This document is the result of a full latency review of the DEMON
streaming stack — from a knob turn in the web demo (or any client) to
the audio that comes out — including the TRT inference layer. It
covers:

The knob-to-ear latency path and
every contributor we control.
The e2e test strategy (tests/e2e_latency/,
runnable outside the demo app).
Measured results before/after on this
build's hardware.
The changes made, each with its latency math and
caveats.
Validation —
bit-exactness probes and regression coverage.
Further proposals not implemented,
with the risks that kept them out of this pass.

Hardware/context for all numbers: RTX 4090 (shared with other
processes, ~7 GB free VRAM), TRT decoder decoder_mixed_refit_b8_60s
(legacy pre-spectral build), depth 4, steps 8, 30 s source, ODE mode
unless stated.

1. The knob-to-ear latency path

A knob change traverses, in order:

Stage	Typical cost	Owner / control
Client knob smoothing	0–`smoothMs`	web UI (`useParamSync`); param send ~125 Hz
WS transport	~0–2 ms (LAN)	TCP_NODELAY already set
`set_knobs` → next runner iteration	0–1 tick	`PipelineRunner` loop, no inter-tick sleeps
Shared-curve params (SDE strength, velocity, x0 strength…)	1 tick	`set_shared_curve` overrides all in-flight slots next tick
Per-slot params (ODE denoise, seed)	queue wait + `steps` ticks	submit queue + ring buffer drain
Finished-latent delivery	0 ticks (was 1)	`StreamPipeline.tick()`
VAE windowed decode + crossfade + emit	~8 ms decode + render	`vae_window=0.4 s`, TRT VAE
Playback lead (buffer between write head and playhead)	0.12–1.35 s adaptive	`PipelineRunner` lead controller
Client AudioWorklet buffer	~10–30 ms	web audio path

Two structural facts dominate everything else:

Parameter class decides engine latency. Shared-curve parameters
reach the output in one tick (~36 ms on TRT). Per-slot parameters
(denoise in ODE mode, seed) only land on newly submitted
requests, which must wait in the submit queue and then run their
full steps schedule. The demo's "strength" knob is per-slot in ODE
mode and shared-curve in SDE mode — SDE mode is an order of
magnitude more responsive by construction.
The playback lead is the dominant audible term.
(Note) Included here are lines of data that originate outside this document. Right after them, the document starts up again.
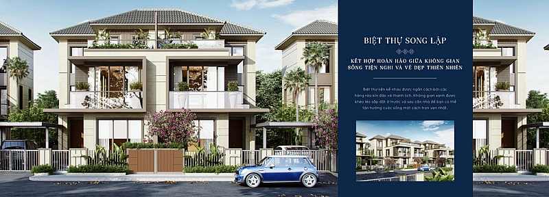 + Biệt thự song lập: toàn bộ dự án có 184 căn biệt thự theo mô hình song lập là sự gắn kết hoàn hảo giữa không gian sống tiện nghi cùng vẻ đẹp thiên nhiên. Hai biệt thự liền kề nhau được ngăn cách bởi các hàng rào kín đáo; thanh lịch. Môi trường sống xanh và không gian sống được bố trí khéo léo ở phía trước và sau căn nhà giúp bạn tận hưởng được cuộc sống một cách hoàn hảo nhất.
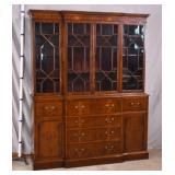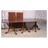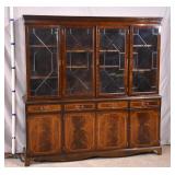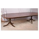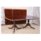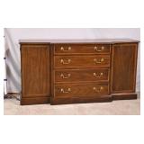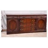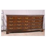 Drexel Heritage inlaid crotch mahogany 12 drawer triple dresser; 68-136 - serpentine front - fluted/canted corners - banded top - (cloudy area in finish on top) - 74x21x34.5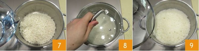 fügen Sie 600 g Wasser hinzu 7, decken Sie mit einem Deckel ab 8 und bringen Sie das Wasser bei mittlerer Hitze zum Kochen. Wenn das Wasser kocht, reduzieren Sie die Hitze auf ein Minimum und kochen Sie den Reis für etwa 12-13 Minuten weiter, immer mit Deckel. Nach dieser Zeit überprüfen Sie, ob der Reis das gesamte Wasser aufgenommen hat 9, schalten Sie dann die Hitze aus und lassen Sie den Reis im Topf mit dem Deckel weitere 10 Minuten ruhen.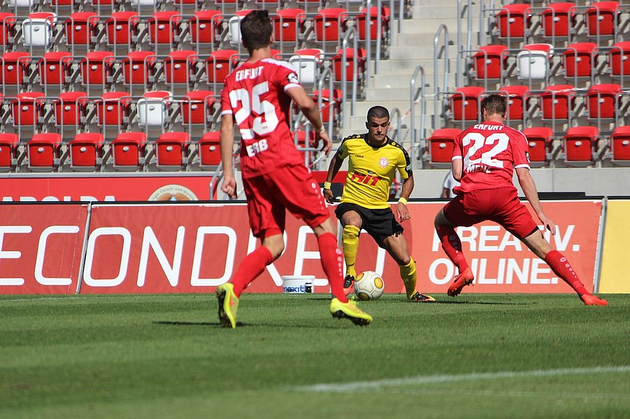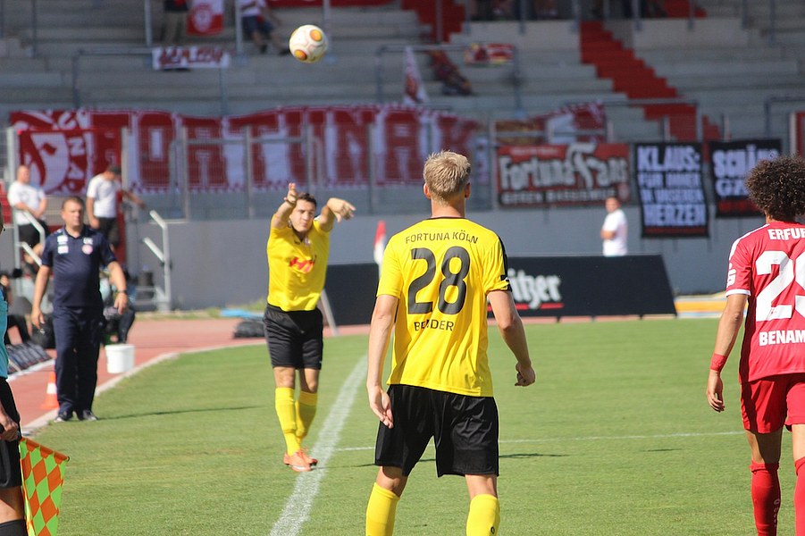 Bei knallender Hitze tasteten sich beide Mannschaften langsam in die Partie. Es dominierten die langen Bälle auf beiden Seiten. Die Fortuna bekam aber schnell ein Gefühl für das Spiel, auch wenn man früh verletzungsbedingt auf Kwame verzichten musste - für ihn kam Röcker (12.). Die Südstädter hatte ein leichtes optisches Übergewicht - Torszenen gab es aber auf beiden Seiten nicht. Erst nach einer guten Viertelstunde wurde es mal interessant, als nach Abstimmungsproblemen in der Kölner Defensive Benamar aus dem Rückraum zum Abschluss kam (16.). Es blieb in der Folge ein Abnutzungskampf im Steigerwaldstadion. Hier und da schleichten sich aufgrund der Temperaturen Konzentrationsfehler auf beiden Seite ein, bis Mitte der 1. Halbzeit aber ohne Folge. Nach kurzer Trinkpause fasste sich Bergmann für RWE ein Herz und setzte nach seinem Solo Kammlott in Szene, dessen Schuss Boss aber sicher parierte (29.). Die Gastgeber hatten nun mehr vom Spiel. Nach einer guten halben Stunde verbuchte auch die Fortuna ihren ersten gefährlichen Abschluss, als sich Souza von links aus spitzem Winkel versuchte (33.). Der Fortuna fehlte aber insgesamt das Tempo in ihren Aktionen. Erfurt schien nun besser mit den Bedingungen klar zu kommen: Einen zu kurz geratenen Rückpass erlief Benamar, aber Boss verkürzte geschickt den Winkel gegen den Erfurter (35.). Kurz darauf setzte sich Pigl nach langem Ball gegen Röcker durch, scheiterte aber wieder an Fortuna-Keeper Boss (38.). Kurz vor der Pause sorgte ein ruhender Ball von Tyrala für Durcheinander vor dem Tor von Boss, es ging aber torlos in die Kabine (45.).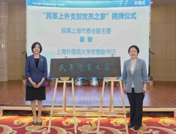 开幕式上,翟骏和张静共同为位于上海外语教育出版社的民革上外支部党员之家揭牌,与会人员共同观看《上外党员之家》视频介绍。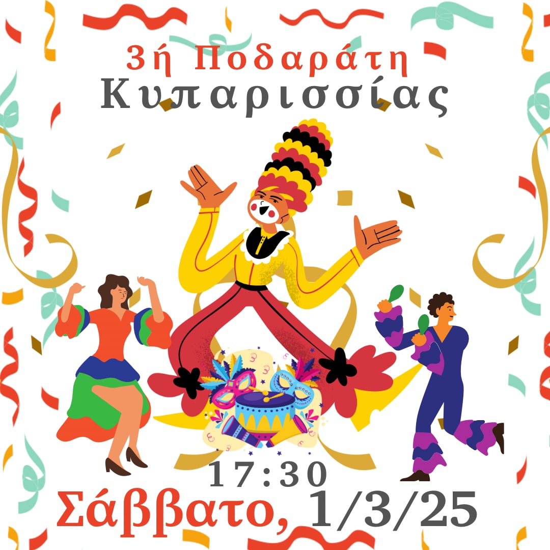 Φορέστε την αποκριάτικη στολή σας, συγκεντρώστε την παρέα σας και ελάτε να περπατήσουμε, να χορέψουμε και να γιορτάσουμε στους δρόμους της πόλης! Η 3η Ποδαράτη διοργανώνεται από όλους τους συλλόγους της πόλης υπό την αιγίδα του Δήμου Τριφυλίας και υπόσχεται να γεμίσει την Κυπαρισσία με ζωντάνια και κέφι. Ώρα έναρξης: 17:30 μ.μ.. Μην το χάσετε!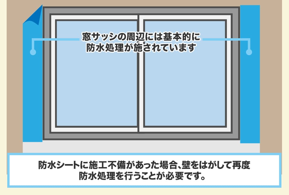 サッシや窓枠を取り付ける際には、周辺に防水処理を施すことが一般的です。この防水シートにシワや隙間があると、そこから雨漏りが発生する原因になります。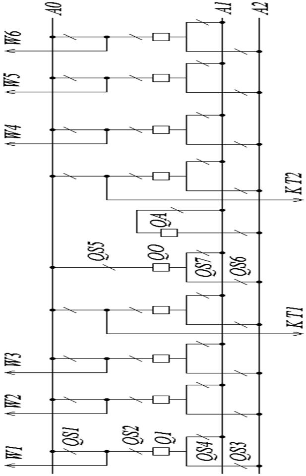 Последовательность действий при выводе в ремонт линейного выключателя Q1 (подключен к А1): 1) включить QS5 в цепи QO; 2) включить шинный разъединитель в цепи QO на ту систему шин, на которую включен выводимый в ремонт Q1, т.е. QS7; 3) с минимальными уставками релейной защиты включить QO, опробовать и если он автоматически не отключился отключить его с щита управления; 4) включить QS1; 5) с уставками Q1 включить QO. При этом образовались два параллельных пути тока. 6) отключить Q1. 7) отключить линейный QS2; 8) отключить шинный QS4; 9) заземлить выключатель. Согласно НТП: до 12 присоединений – с/ш не секционируется; от 12 до 16 – 1 секционируется и при этом в схеме два совмещенных шиносоединительных ОВ; от 16 – обе с/ш секционированы и при этом ОВ и ШСВ работают раздельно.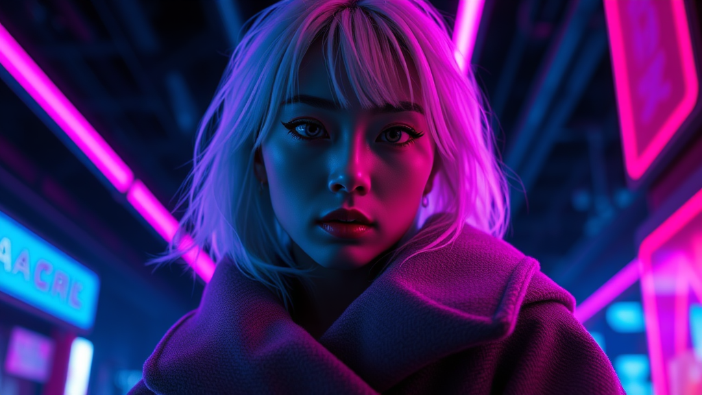 A Japanese woman with striking white contact lenses and bold, thick eyeshadow stands out in a dramatic scene. She's enveloped in an oversized coat under the glow of black lights, her white hair catching the neon light reflections around her. The setting is hyperrealistic and photorealistic, captured in 8K resolution with unreal engine craftsmanship. The ambiance is vibrant, with a touch of expressionism, as the bright neon hues contrast with the dark backdrop, creating a surreal and captivating atmosphere. Subtle variations in the lighting and shadows enhance the mystery and allure of the scene.
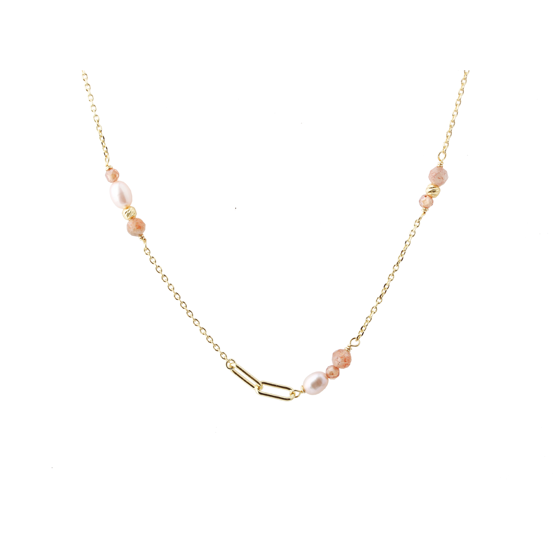 Sunella halskæde i forgyldt sølv med sunstone, ferskvandsperler og zirkonia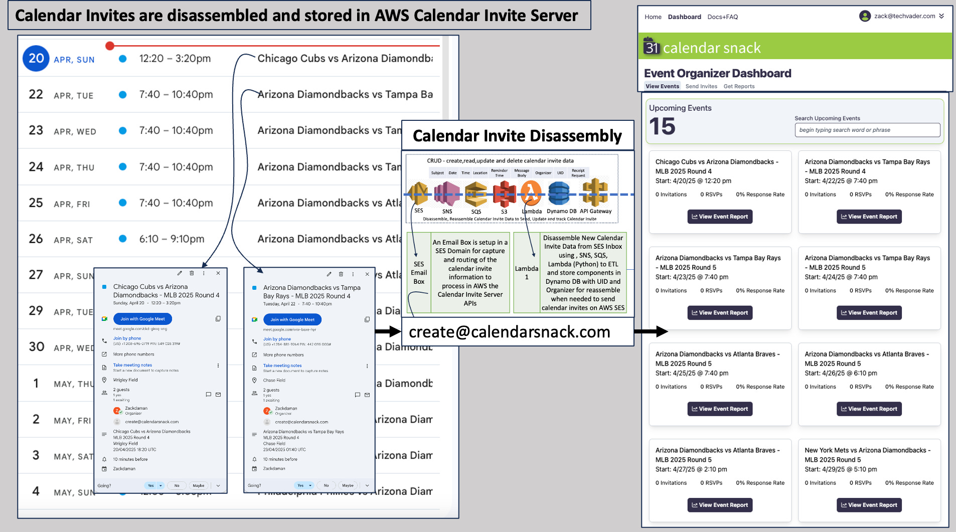 The Organizer sends a Calendar Invite to an AWS email box, and the data is disassembled, assigned a UID, and stored on the AWS Calendar Invite Server for future calendar invite sending for transactional or marketing calendar invite sending.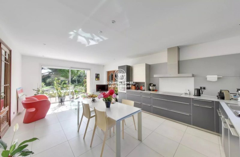 La cuisine haut de gamme de 35m², séparée, s’ouvre sur les terrasses et le magnifique jardin arboré.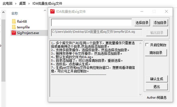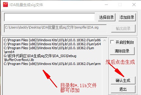 IDA批量生成sig文件工具开发平台是vs2017,在win32编写,可以生成IDA.sig文件,支持目录的无限添加,适合需要经常sig文件的朋友使用!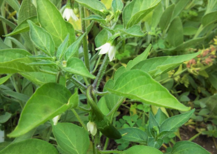 Back in March, I had mentioned that I would be following up on three crops that are very helpful in the Mexican kitchen.  The first two are serrano peppers and tomatillos, which are sometimes hard to find at the store.  The serranos are blooming and growing fruit (close-up at the top of the post); pepper blossoms are so pretty!  And each will grow a fiery and tasty pepper.  There were a few holes on some of the leaves, probably from bug damage; spraying them with a solution of 1 tbsp Epsom salt dissolved in 1 liter of water will help prevent future attacks, and nourish self-repair.  Other than that, they are growing well: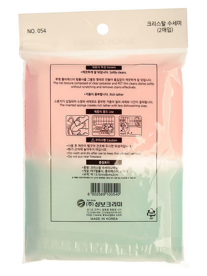 Изготовитель: SUNGBO CLEAMY CO., LTD., Корея, Республика, 406, Hwahap-ro, Beobwon-eup, Paju-si, Gyeonggi-do. Губка-скраббер для мытья посуды. Наличие губки улучшает пенообразование, помогая снизить расход средств для мытья посуды.

The engine can
converge in ~300 ms while the listener still waits for the playhead
to reach the rewritten region. The adaptive lead controller
(PipelineRunner) floors near 0.2 s on a healthy GPU; everything
the engine gains shortens the fresh-generation horizon that the
lead is measured against.

2. Test strategy

New suite: tests/e2e_latency/ — engine-level and full-stack
measurements outside the demo app, black-box at public API
boundaries so the same measurements stay valid across internal
refactors.

# engine-level: knob -> finished latent (ticks + ms), determinism guard
.venv/Scripts/python.exe -m pytest tests/e2e_latency/test_knob_to_latent.py -v -s

# full stack: headless StreamingSession, simulated client heartbeat
.venv/Scripts/python.exe -m pytest tests/e2e_latency/test_streaming_session.py -v -s

Environment: DEMON_E2E_ACCEL=tensorrt|eager|compile (default:
tensorrt when engines exist), DEMON_E2E_GPU (default: most free
VRAM), DEMON_E2E_DEPTH / DEMON_E2E_STEPS. Reports land in
runs/latency-reports/e2e-*.json for build-to-build diffing —
treat the diff, not the pass/fail, as the output; assertions are
coarse architectural ceilings only.

Measurement design:

Functional change detection. With a fixed seed and constant
knobs the pipeline reaches a steady state where every finished
latent is bit-identical. After a knob flip, the first differing
finished latent marks first change; the first repeating new latent
marks converged. No pipeline internals are inspected.
Full-stack timing subscribes to AudioReady events from a
headless StreamingSession and feeds set_knobs with an advancing
playback_pos heartbeat, mirroring the web client. It reports
first-write, write gaps, measured lead, tick/decode percentiles,
generation rate, and knob→fresh-generation latency (first write
whose window was generated entirely after the knob).
Determinism guard. Two fresh streams with identical knobs must
produce bit-identical steady-state latents
(test_seed_determinism_streaming).

The conftest patches the canonical TRT profile table to the legacy
(pre-spectral) decoder engine names when the spectral builds are
missing on the machine — test-process only.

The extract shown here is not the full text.